Set down each line of the data exactly, but not the pictures.

====== Source material ======

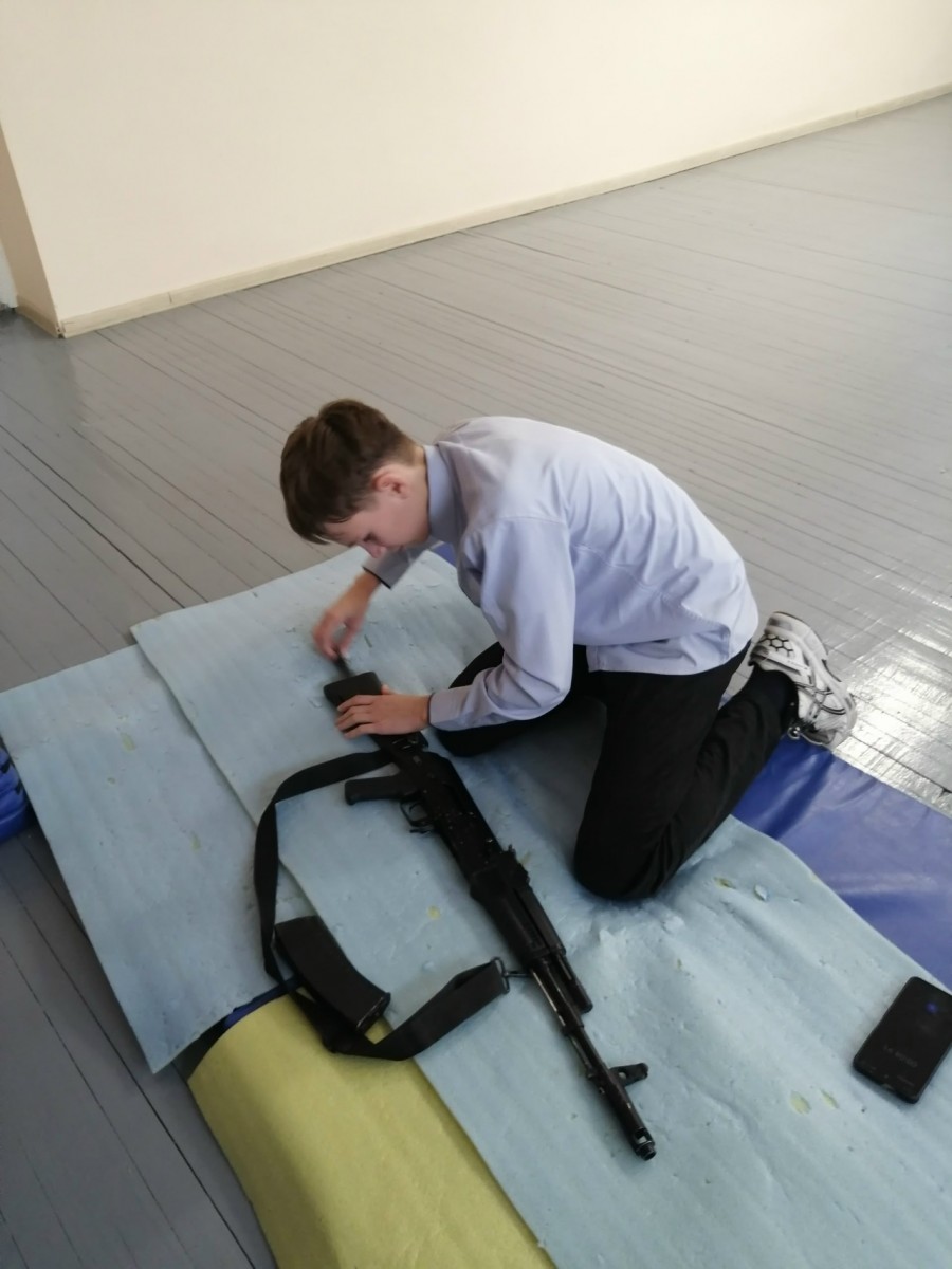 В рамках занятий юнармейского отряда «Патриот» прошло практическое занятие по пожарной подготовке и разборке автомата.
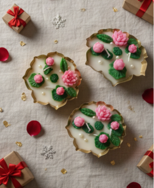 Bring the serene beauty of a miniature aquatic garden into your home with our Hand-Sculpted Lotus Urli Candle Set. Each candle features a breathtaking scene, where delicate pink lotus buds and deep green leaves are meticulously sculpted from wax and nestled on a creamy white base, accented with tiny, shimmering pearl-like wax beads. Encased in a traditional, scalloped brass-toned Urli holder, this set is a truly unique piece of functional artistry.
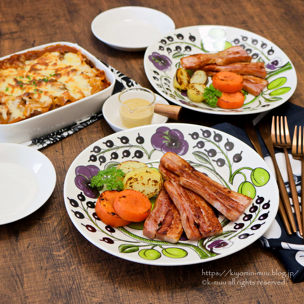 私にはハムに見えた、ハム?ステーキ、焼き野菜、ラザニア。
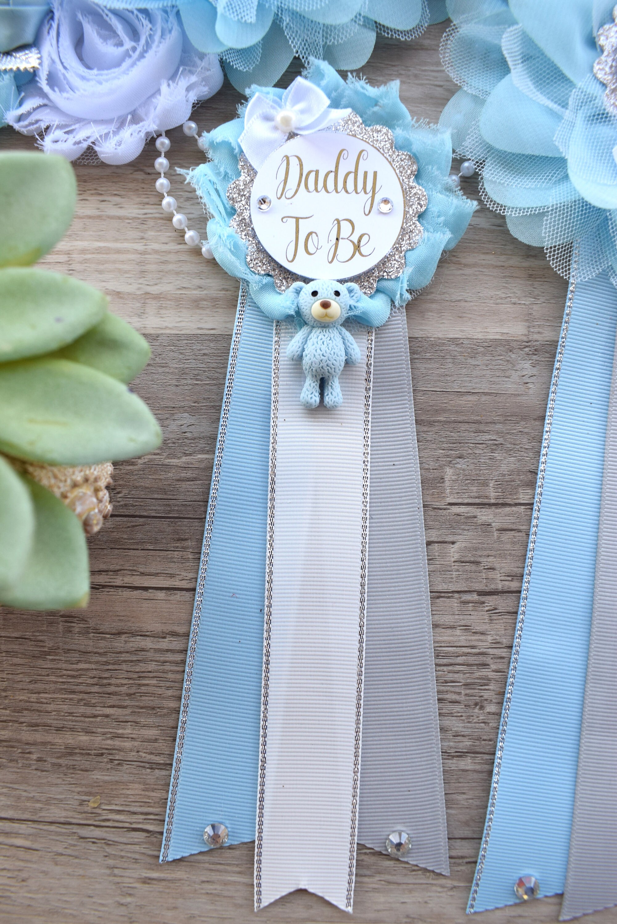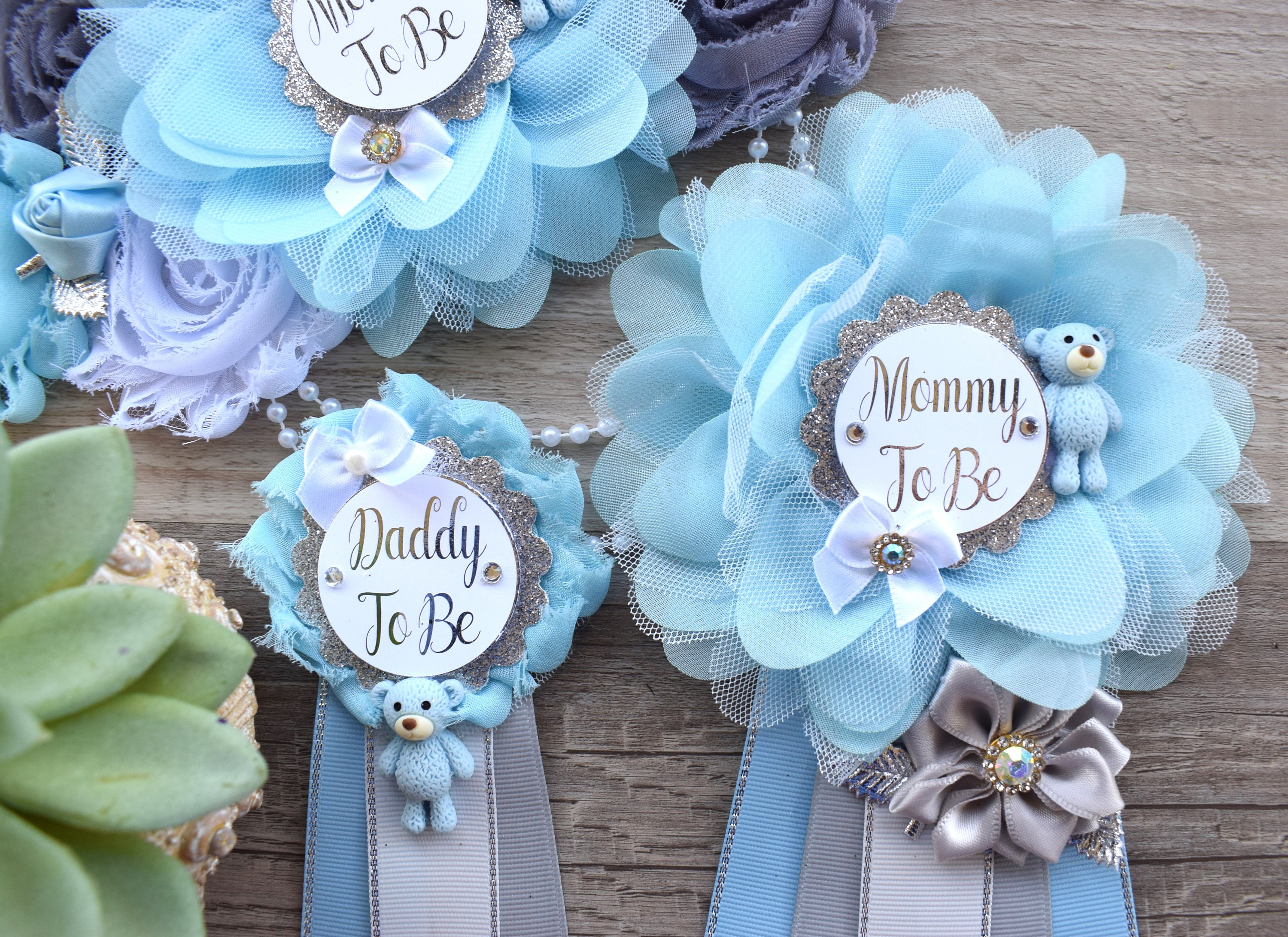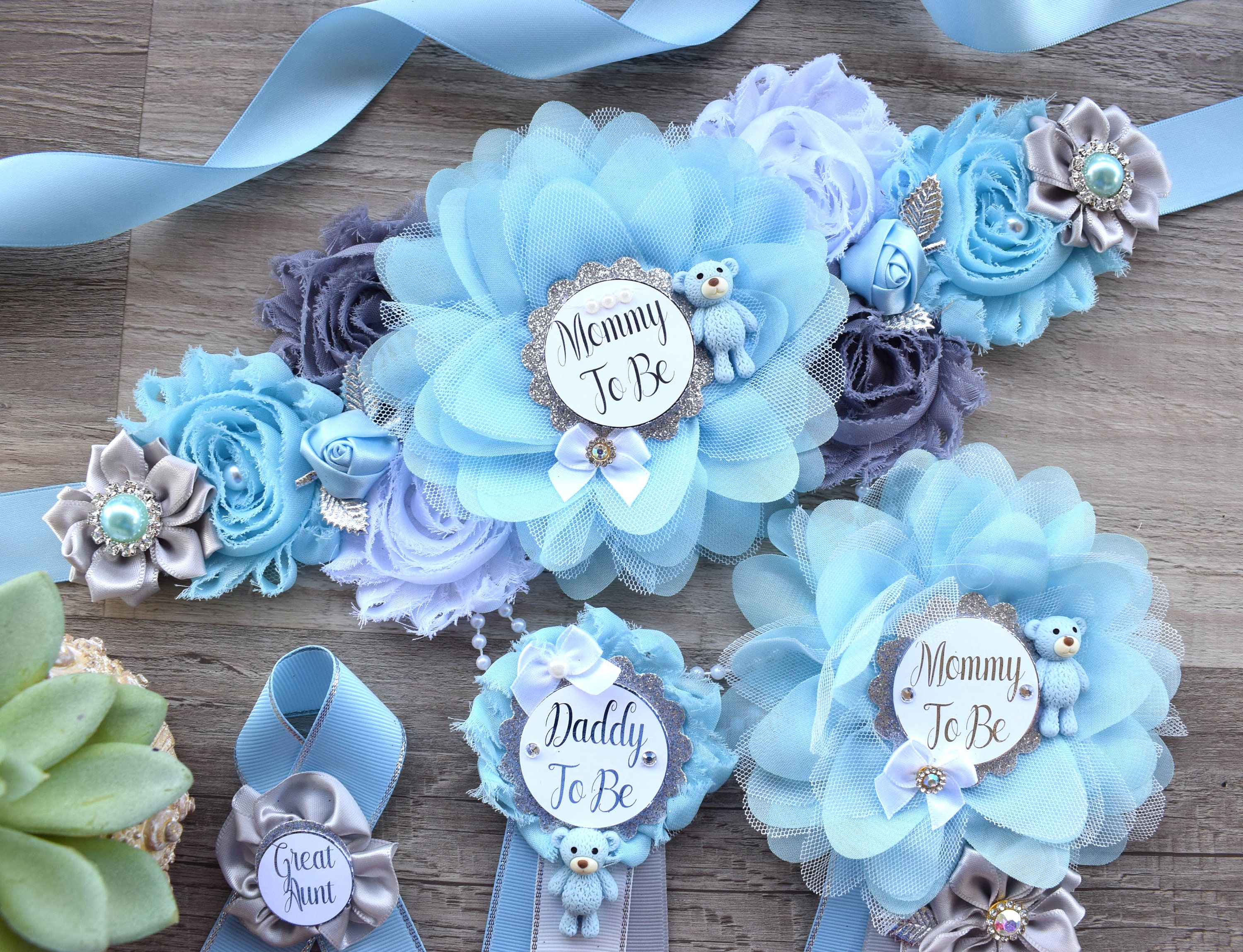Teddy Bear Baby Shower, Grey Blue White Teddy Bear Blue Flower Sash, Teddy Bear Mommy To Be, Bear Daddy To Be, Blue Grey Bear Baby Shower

======

* Output of the task:
 В рамках занятий юнармейского отряда «Патриот» прошло практическое занятие по пожарной подготовке и разборке автомата.
 Bring the serene beauty of a miniature aquatic garden into your home with our Hand-Sculpted Lotus Urli Candle Set. Each candle features a breathtaking scene, where delicate pink lotus buds and deep green leaves are meticulously sculpted from wax and nestled on a creamy white base, accented with tiny, shimmering pearl-like wax beads. Encased in a traditional, scalloped brass-toned Urli holder, this set is a truly unique piece of functional artistry.
 私にはハムに見えた、ハム?ステーキ、焼き野菜、ラザニア。
Teddy Bear Baby Shower, Grey Blue White Teddy Bear Blue Flower Sash, Teddy Bear Mommy To Be, Bear Daddy To Be, Blue Grey Bear Baby Shower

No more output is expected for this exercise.